Thursday, March 19, 2009

Things Bryan Singer Must Do To Make "Superman: Man of Steel" Kick Ass


OPEN LETTER TO BRYAN SINGER:

Dear Mr. Singer,

Superman Returns was not a terrible film, but it wasn't the thrill ride many fans hoped for. I hate to say it, but it's your own fault; after all, you are a great director and we expect great things from you. Anything less and you know we're all going to bitch.

I understand you are directing the sequel. I'm pretty excited by this news, especially in light of your awesome quote... something along the lines of, "I am going to go all Wrath of Khan on it!"

I humbly and respectfully offer the following morsels of advice, in no particular order, as they might relate to the production of your upcoming Superman: Man of Steel.

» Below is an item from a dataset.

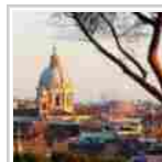
A Roma turisti in aumento per gli eventi religiosi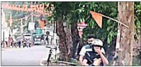
গাছে পেরেক পুঁতে লাগানো বাঁড়া।

The Script Must Be "Wrath of Khan" Good
Based on your promise, of course. We need good dialog, a riveting plot, a genuine threat to Superman, and massive, all-encompassing drama. Leave us an Empire Strikes Back cliffhanger ending and you will have scored a home run.

The Villain Must Be More Powerful Than Superman
Not AS powerful... MORE powerful! This means no Lex Luthor, and no hokey real estate plans. With the exception of two things -- Kryptonite and magic -- Superman is pretty much indestructible here on earth. Why not bring someone in who can do some real damage? I say go for broke -- send in Doomsday or maybe Darkseid! Remember, MORE powerful. This is non-negotiable.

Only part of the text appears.